[SOURCE DATA]:
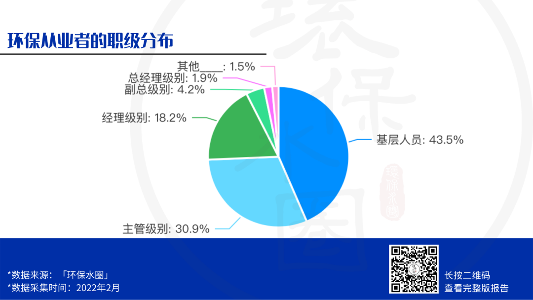 我們對(duì)環(huán)保從業(yè)者的崗位級(jí)別進(jìn)行了調(diào)查,有43.5%的環(huán)保人屬于基層人員,主管級(jí)別的小伙伴占30.9%,經(jīng)理級(jí)別占18.2%。
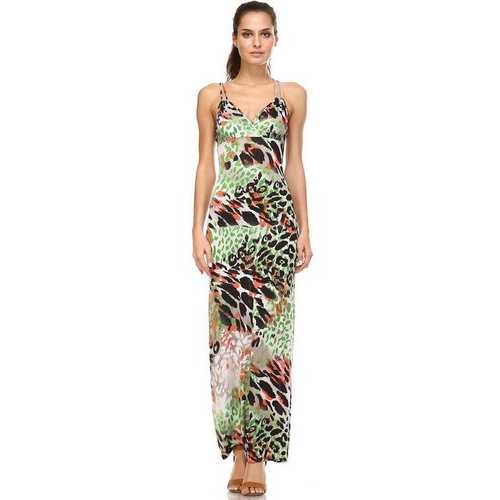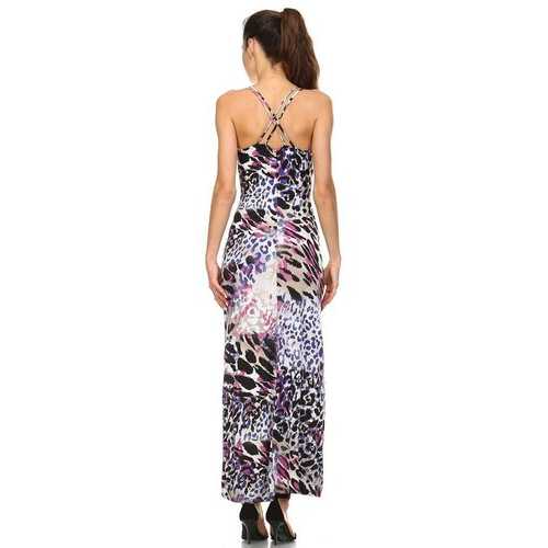 Go to the shopDouble strap maxi dress with a crisscross back, v-neckline and fun animal prints to complete the perfect outfit.
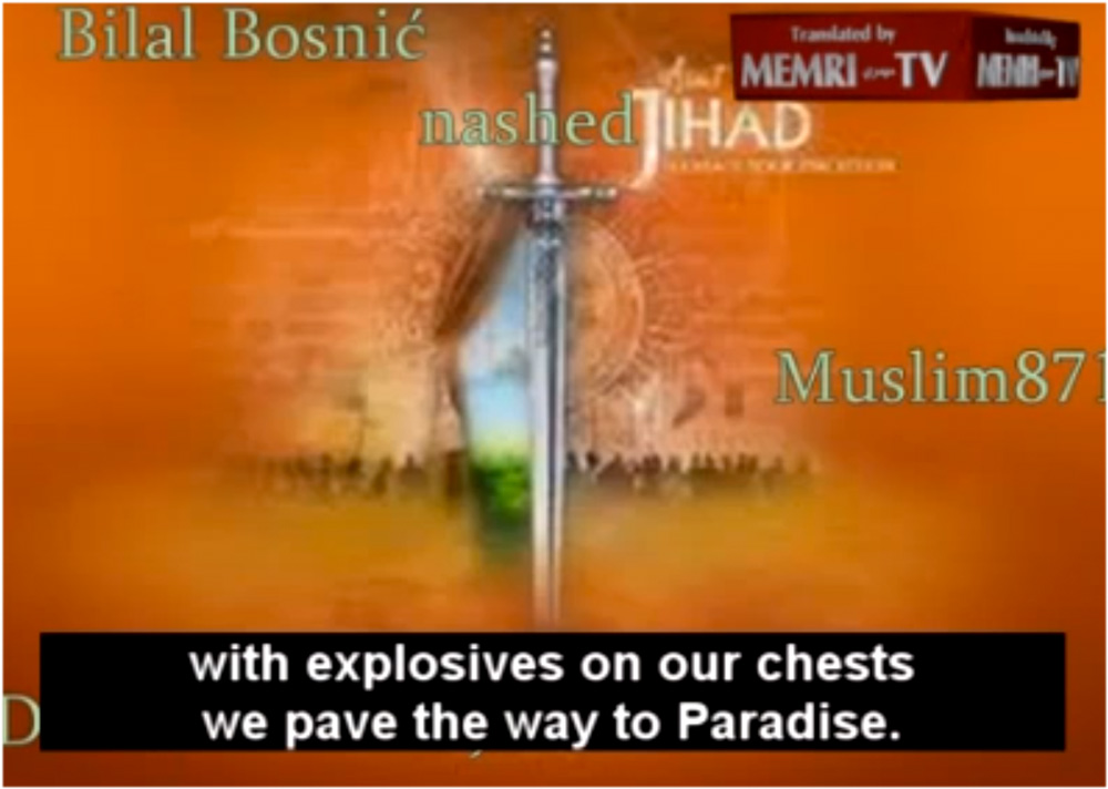“Con esplosivi sul nostro petto prepariamo la nostra strada verso il paradiso”. “Se Allah vuole, l’America sarà distrutta”. “Sappi, oh Bush, che la Bosnia sarà la vostra fine”. Sono stralci di canti intonati da Bosnic, comparsi su internet il 21 luglio 2011 (per quanto riguarda la frase con riferimento all’esplosivo) e il 22 maggio 2009 (per quanto riguarda le altre due frasi). Nel primo caso l’intervento è testimoniato da un file audio, nel secondo anche da un video in cui si nota Bosnic circondato da una folla di persone. I file sono stati ripresi e ripubblicati con traduzione in inglese nel giugno del 2012 dal Middle est media research institute.
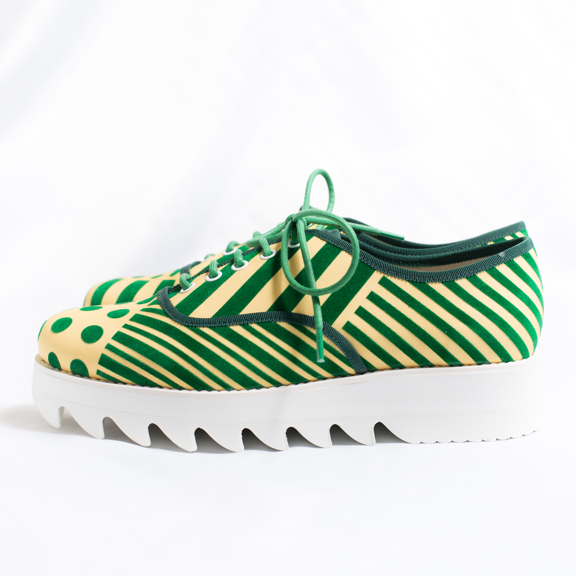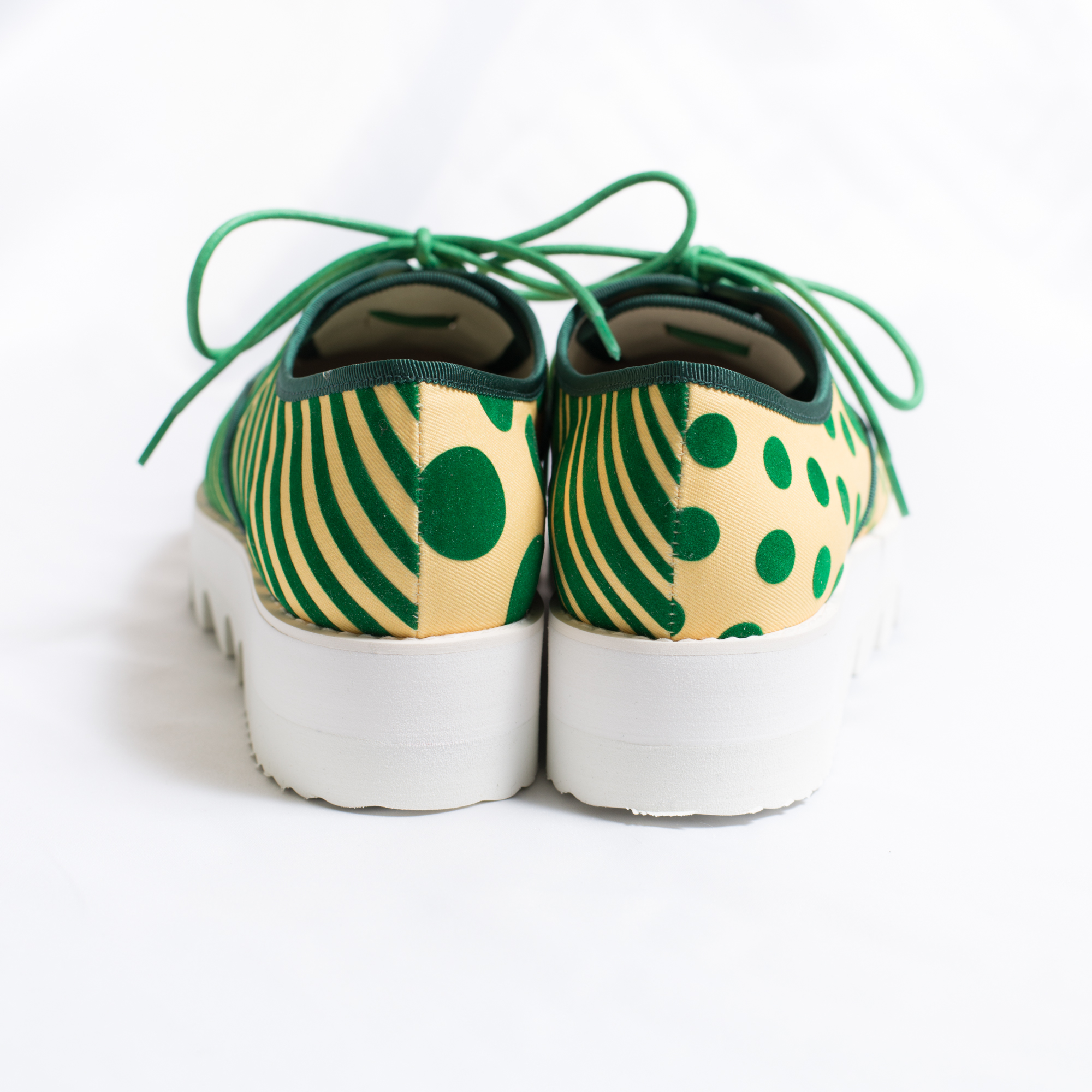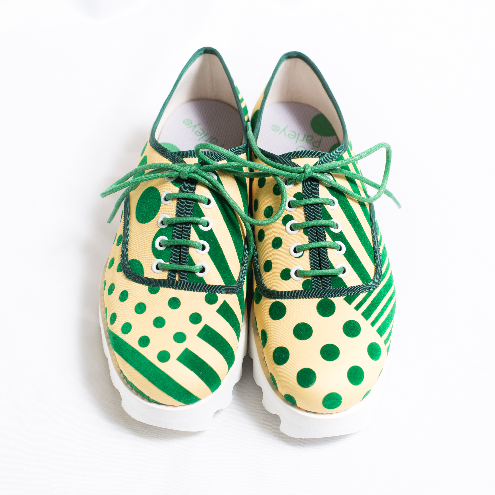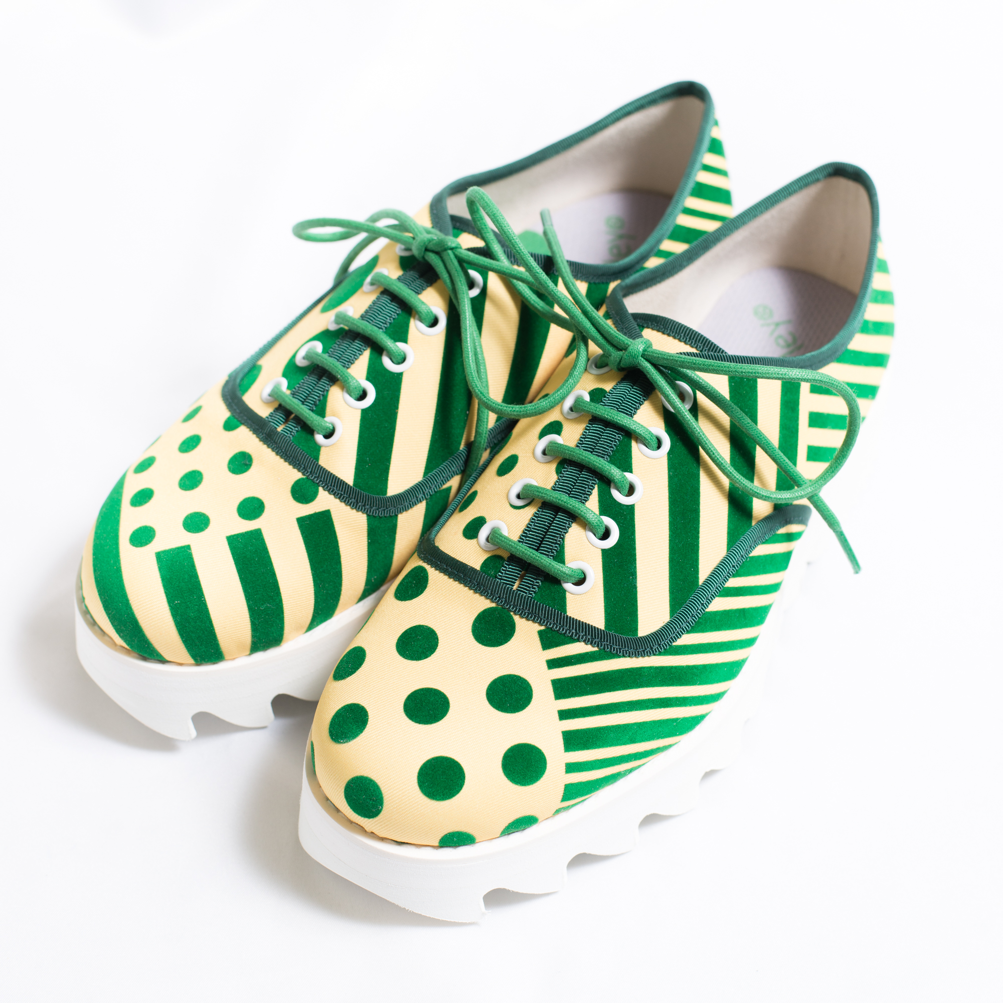ドットとストライプの柄は左右で異なったデザインとなっています。

[WHAT YOU SHOULD DO]: What is needed is an exact repetition of every line from the line with "media research institute." to the end of the data above, both ends included, with no pictures.

[WRITTEN SOLUTION]:
“Con esplosivi sul nostro petto prepariamo la nostra strada verso il paradiso”. “Se Allah vuole, l’America sarà distrutta”. “Sappi, oh Bush, che la Bosnia sarà la vostra fine”. Sono stralci di canti intonati da Bosnic, comparsi su internet il 21 luglio 2011 (per quanto riguarda la frase con riferimento all’esplosivo) e il 22 maggio 2009 (per quanto riguarda le altre due frasi). Nel primo caso l’intervento è testimoniato da un file audio, nel secondo anche da un video in cui si nota Bosnic circondato da una folla di persone. I file sono stati ripresi e ripubblicati con traduzione in inglese nel giugno del 2012 dal Middle est media research institute.
ドットとストライプの柄は左右で異なったデザインとなっています。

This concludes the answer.